Directory filter rules are defined with a closing / separator.

E.g. /directory/subdirectory/ is an rclone directory filter rule.

Rclone commands can use directory filter rules to determine whether they recurse into subdirectories. This potentially optimises access to a remote by avoiding listing unnecessary directories. Whether optimisation is desirable depends on the specific filter rules and source remote content.

Optimisation occurs if either:

  • A source remote does not support the rclone ListR primitive. local, sftp, Microsoft OneDrive and WebDav do not support ListR. Google Drive and most bucket type storage do. Full list

  • On other remotes, if the rclone command is not naturally recursive, provided it is not run with the --fast-list flag. ls, lsf -R and size are recursive but sync, copy and move are not.

  • Whenever the --disable ListR flag is applied to an rclone command.

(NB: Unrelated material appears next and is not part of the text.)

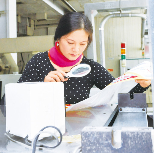 郵票設(shè)計(jì)者原藝珊查看郵票印制情況。 記者 陸航 攝
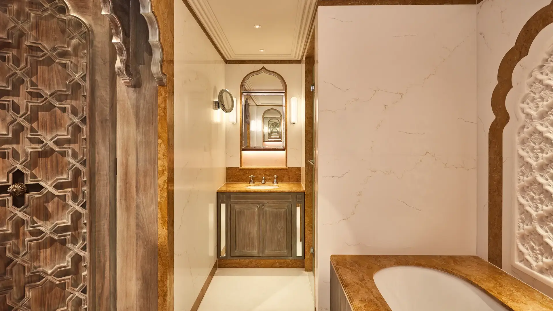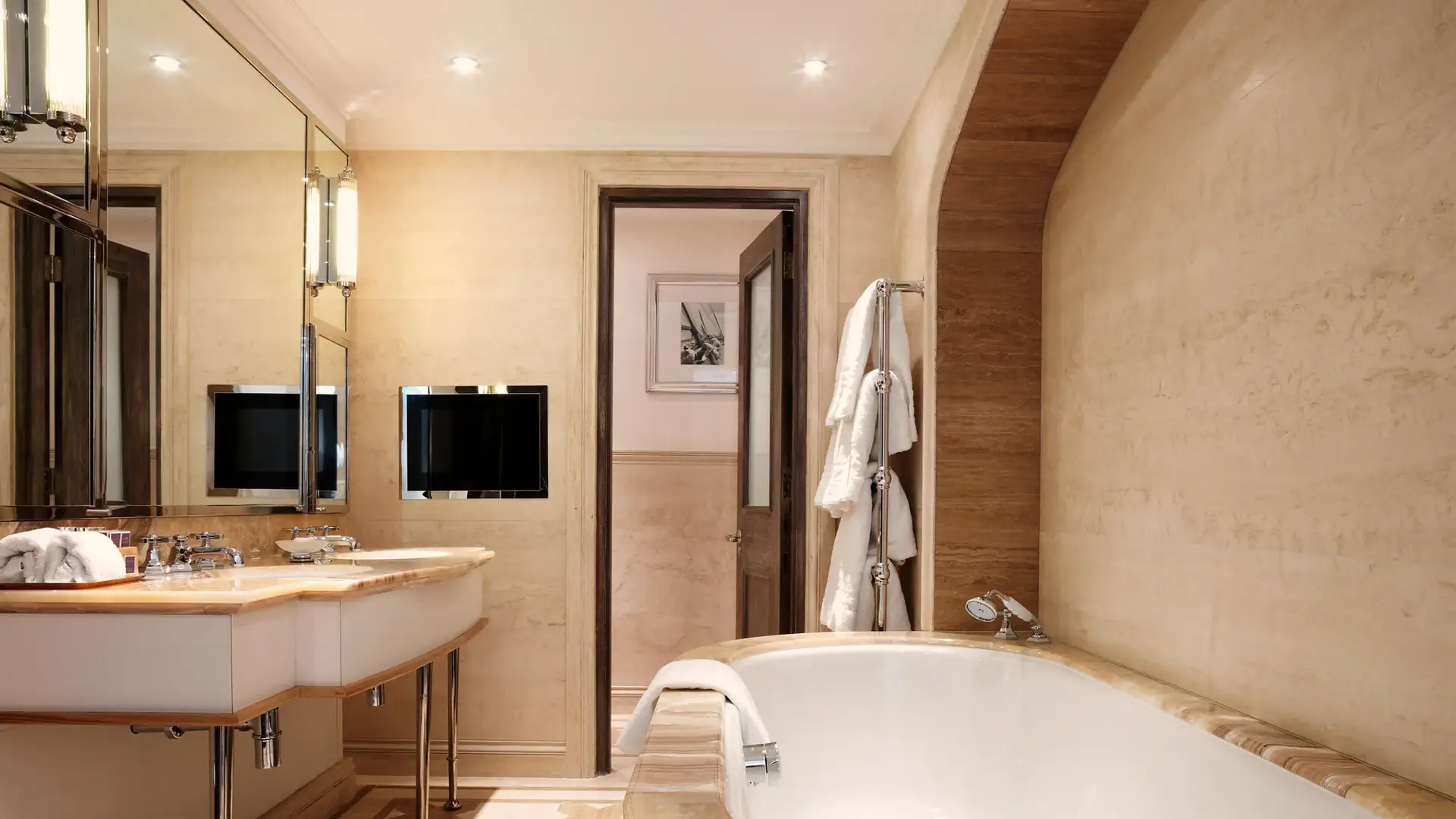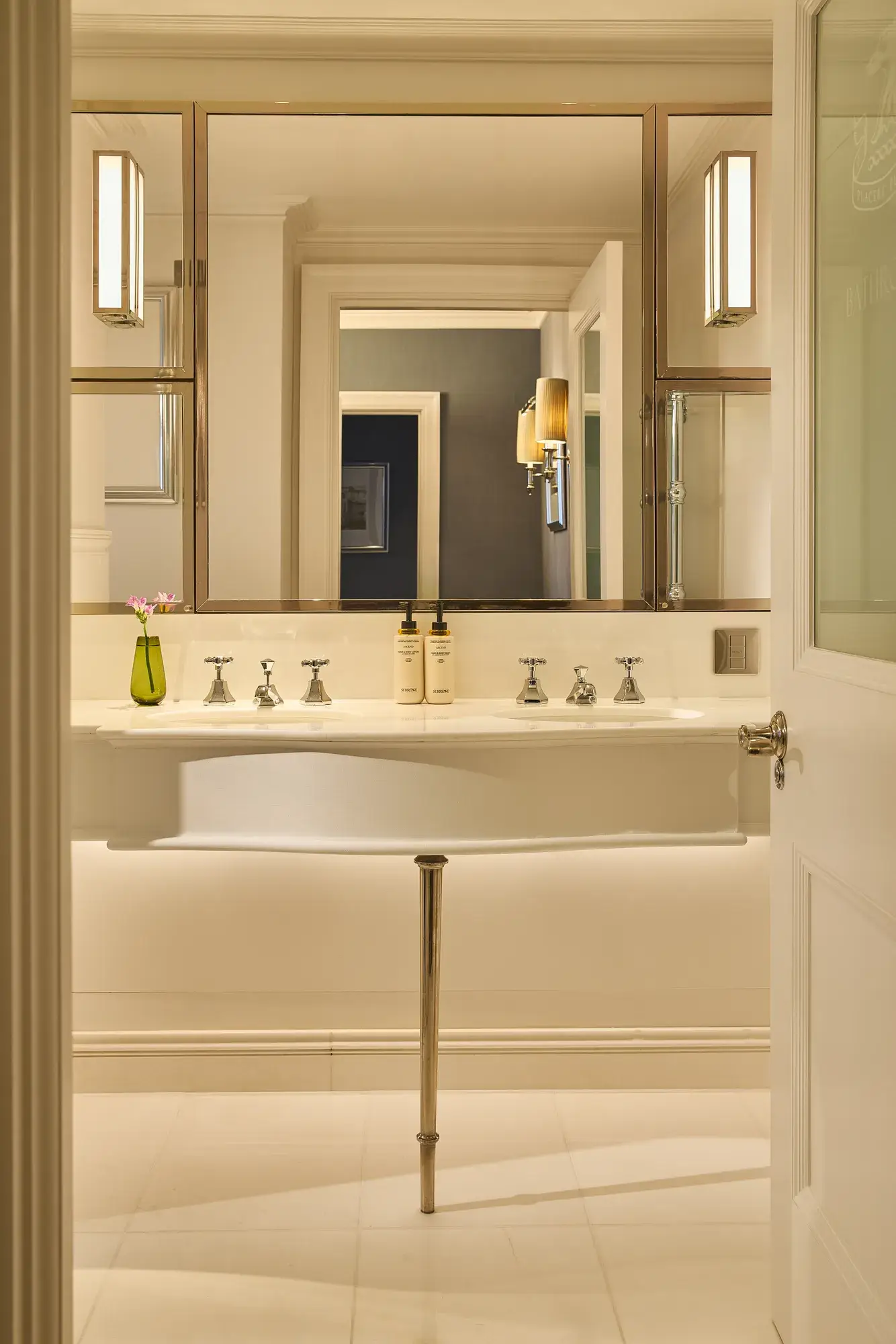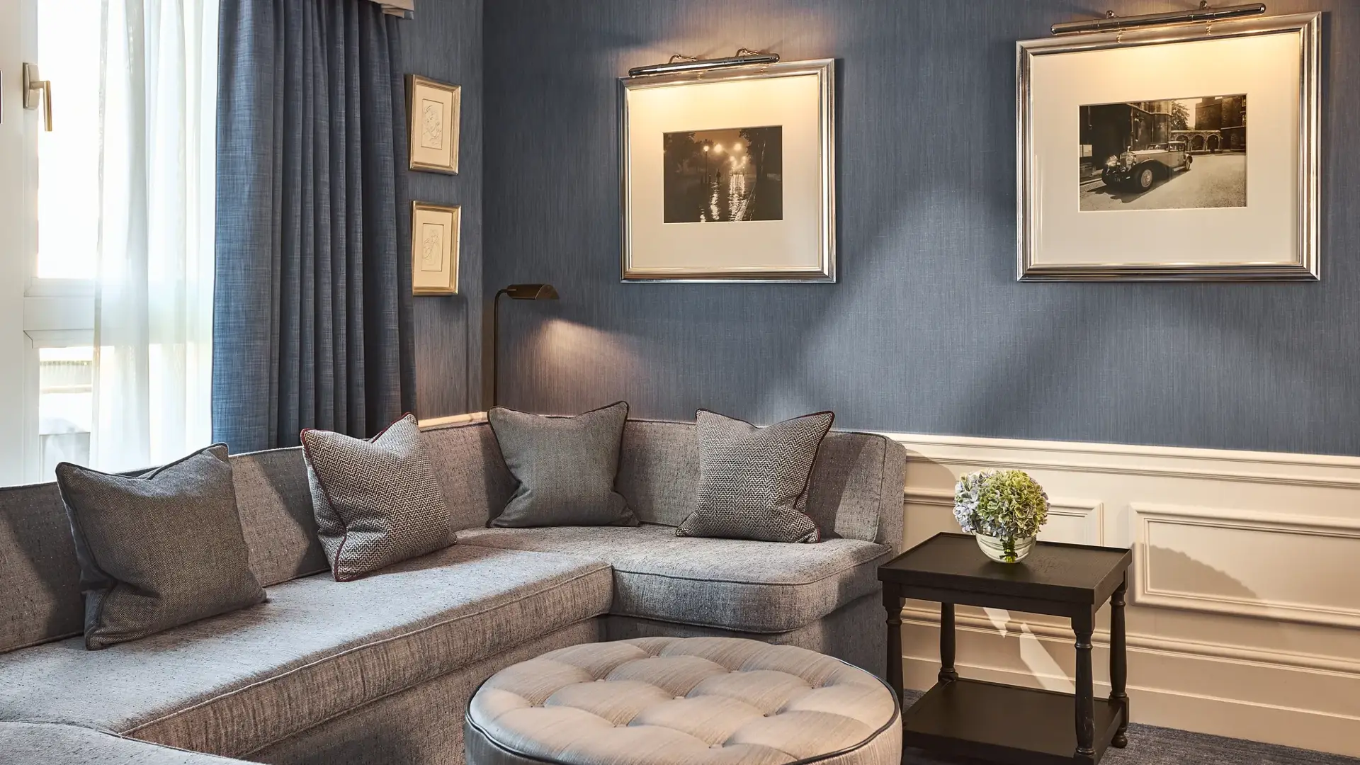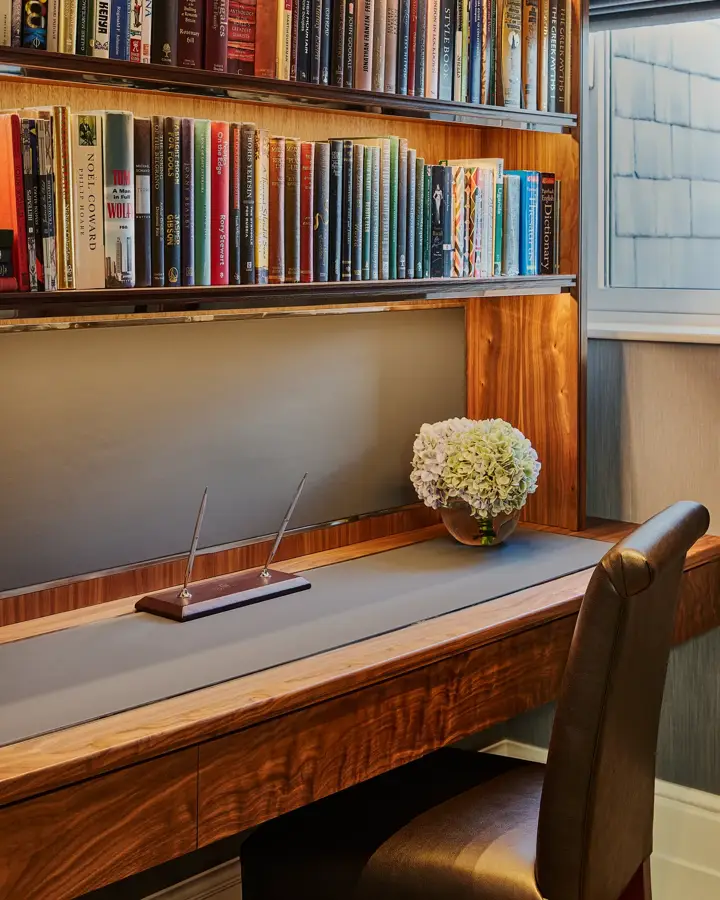 A tribute to The Connaught’s storied literary heritage, The Writer’s Lodge is a sanctuary of quiet sophistication and creative spirit. Inspired by the celebrated authors who once found refuge within these walls, the suite is anchored by a bespoke writer’s desk in a thoughtfully appointed study. Polished silver frames showcasing evocative post-war high-society photography lend a sense of timeless charm and narrative.

Rclone commands imply directory filter rules from path/file filter rules. To view the directory filter rules rclone has implied for a command specify the --dump filters flag.

E.g. for an include rule

/a/*.jpg

Rclone implies the directory include rule

/a/

Directory filter rules specified in an rclone command can limit the scope of an rclone command but path/file filters still have to be specified.

E.g. rclone ls remote: --include /directory/ will not match any files. Because it is an --include option the --exclude ** rule is implied, and the \directory\ pattern serves only to optimise access to the remote by ignoring everything outside of that directory.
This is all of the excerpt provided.